Drawing and Painting

Studio Journal

Anatomy of a Sketchbook

For longer than I’d like to admit, most of the time my sketches were not easily found in a sketchbook but rather found on scraps of paper, the backs of receipts and whatever other stray papers end up being the canvas for creativity. I didn’t really develop the habit of using sketchbooks until a few years ago but now I’m hooked.

If you’re anything like me, focusing on the process instead of the end result is difficult, it takes a lot of practice. This is why sketchbooks are so important! They are a tool to get the scribbles out of our heads, a means to practice, explore ideas, and one of the easiest ways to see a physical record of your creative process and progression. 

Even though it’s mostly about the practice of just putting pen (or pencil or crayon or whatever!) to paper, keeping a sketchbook can also be as methodical and organised as you want it to be. In today’s blog post, I’m putting together a few tips to keep a sketchbook that not only helps you relax and stay loose creatively, but also becomes a compilation of your creative side that you’ll be proud to keep and share for years after it’s been filled.

Finding the right book

Choosing the right sketchbook for you is essential. Notice how I said the right one for you.  Our sketchbooks are deeply personal things and finding the right one isn’t so much about the perfect paper weight or binding. It’s really more about your personal preference.

So where will you be sketching? At home or in a coffee shop? During a lecture or your morning commute? Think about the places you’re most likely to take your sketchbook and plan accordingly. Consider your page count too, it’s amazing to have a chunky tome filled with a year’s worth of material but a stack of skinny pads that fill up quickly are great too.

It doesn’t necessarily have to be the best book out there either, just pick one out that suits you and your lifestyle. You’ll find more success if it’s something you love and will want to use all the time. I have one that fits right in my back pocket, which means I use it way more than I use the bulky one kept at home. 

Choose your paper carefully

Paper choice will have a huge influence on the end result of your sketches, so think about your process. Do you sketch in black ink? Do you like splashes of watercolour or use another process that requires heavy papers? Do you sketch quickly in pencil and need a lot of pages to work with, or do you work slowly and meticulously? If the idea of being able to add whatever you want sounds interesting to you, maybe set yourself up for success as a multimedia artist by getting a sketchbook with thick, durable pages in a heavy weight that can handle paints or other media without bleeding or warping.

It takes time to discover your own style or figure out a set of mediums that you prefer. Even though a sketchbook isn’t going to be your final piece, it’s still good to have something that will hold up under the stress of your creative processes and withstand the test of time. You’ll want to look back at this later and celebrate your progress! 


Choose your binding

Just as important as the paper in your sketchbook, but perhaps a little more likely to be overlooked, is the binding. Most sketchbooks come in spiral bound or perfect bound, like a paperback novel. If you’re going to want to edit as you go along, spiral bound sketchbooks allow you to easily remove pages without damaging the book itself. If you want your sketchbook to feel like a big compilation when you’re finished, perhaps a hardbound book will be your best bet. If you want to be able to glue or tape sketches into your book as you go. Consider getting a book that has a loose enough spine to allow you space to do that. Alternatively, buy a book that has pockets to store your loose scribbles. 
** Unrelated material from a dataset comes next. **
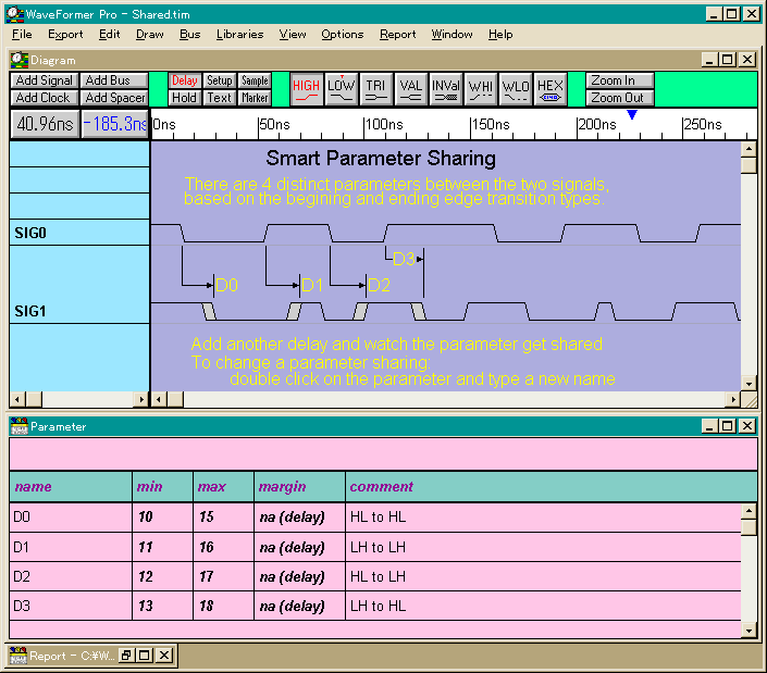 タイミング・ダイヤグラム・エディタの真価は,タイミング・パラメータを通した異なる信号遷移間の関連付けにあります.Waveformer Proはタイミング・パラメータの三つの基本的な型である遅延時間,セットアップ・タイム,ホールド・タイムを最大値,最小値などの幅をもたせて波形に条件付けすることができます.これらの作業は,ダイヤグラム・ウインドウでの遷移位置の指定,パラメータ・ウインドウでのパラメータ名と数値の代入による簡単な操作でできます(図4).

If you’re most concerned about portability, a small, simple saddle stitch (staple bound) book will be your best bet. Keep in mind though that if you’re going to want to do any scanning of your sketches later on (if you edit them digitally or use them to create digital artwork) then you may want to use a book that lays completely flat to allow for high quality scans to be made.


Be okay with throwaway

One problem that I think holds a lot of artists back from getting the most out of their sketchbook is perfectionism, or fear of making something that looks really, really ugly. Van Gogh says it best, that every artist at some point had to push through the feeling that their work sucked. No one wakes up and is suddenly amazing at drawing, even the masters were beginners at some point. So have at it, grab that sketchbook and make beautiful terrible drawings over and over and over, because this is how we learn!

The best way to make a sketchbook is to be at peace with the idea that some of the pages in your book will be UGLY. It’s okay. Just accept it. If they’re so ugly that you can’t look at them, rip the page out or glue the pages together. Whatever you do, just keep drawing. I promise the more you draw, the less you will hear the inner voice saying you can’t do it. Just keep drawing!


Make it as easy as possible 

We’re familiar with the old saying, “out of sight, out of mind” and this is unfortunately so true when it comes to building a sketchbook. If you put your sketchbook away on the tippy top of your bookshelf, what’s the likelihood you’ll remember to grab it on your way out? I’ve found that my sketchbook gets filled up the fastest when I leave it on a table next to the front door, so I see it when I’m heading out, and if I know I’m going to have some time to sketch, I can easily take it with me. 

I also like to keep a little set of pens, pencils, and erasers in my bag because you just never know when inspiration may strike! Do your best to stay prepared and you’ll find that sketching will become more of a mindless habit, and less of something you have to make yourself do from time to time. Your sketchbook will fill up in no time!

Share, Share, Share

One easy way to give yourself some accountability in your creative journey is to share your progress! Start a blog or post to your social media and share what you’re making with the world. 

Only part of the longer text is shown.